Personal information
- Born: 1947 (age 78–79) Charlestown, Nevis
- Nickname: "Gooner"
- Role: All-rounder

Domestic team information
- 1969–1971: Leeward Islands

Career statistics
| Competition | FC |
| Matches | 4 |
| Runs scored | 102 |
| Batting average | 17.00 |
| 100s/50s | 0/0 |
| Top score | 45* |
| Balls bowled | 667 |
| Wickets | 10 |
| Bowling average | 28.20 |
| 5 wickets in innings | 0 |
| 10 wickets in match | 0 |
| Best bowling | 3/35 |
| Catches/stumpings | 1/- |
- Source: CricketArchive, 10 February 2013

= Ed Arthurton =

Nevisian cricketer

Ed Arthurton (Note: Sources give Arthurton's full first name as either Edmund or Edward) (born 1947) is a former Nevisian cricketer.

Arthurton was born in Charlestown, the island's capital, and was a regular player for Nevis in inter-island matches from the late 1960s onwards.
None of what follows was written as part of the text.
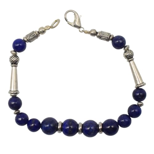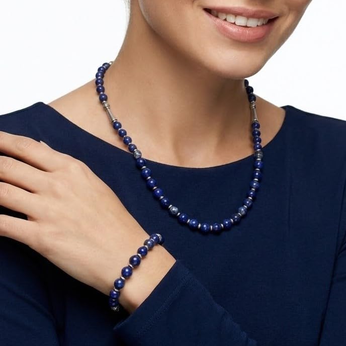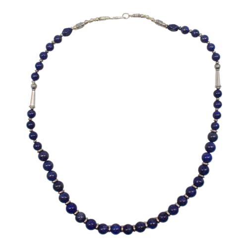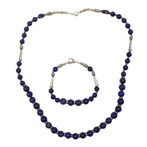 Indian Stones MA - طقم عقد وانسيال هندي فاخر من الفضة المخلوطة بالنحاس اقل من العيار مرصع بأحجار طبيعية كريمة من لابس لازولي، قطعتين - أزرق Set-3-I

He made his first-class debut for the Leeward Islands during the 1968–69 Shell Shield season, playing two matches in January 1969. A fast bowler, Arthurton opened the bowling with Donald Richards in both innings, and in the second match, against Guyana, took five wickets, including career-best figures of 3/35 in the side's first innings. His two further matches at first-class level both came during the 1970–71 season, against the Windward Islands and the touring Indians. In what was to be his final match for the Leewards, Arthurton opened the bowling with Andy Roberts in both innings, who went on to take over 200 wickets for the West Indies. Arthurton continued to play representative cricket for Nevis into the early 1980s, and has been noted as "responsible for lifting the standards of Nevis cricket to a new and positive high". In a contest held by a local radio station in December 2010 to name an "all-time Nevis cricket team", he was named captain of the side.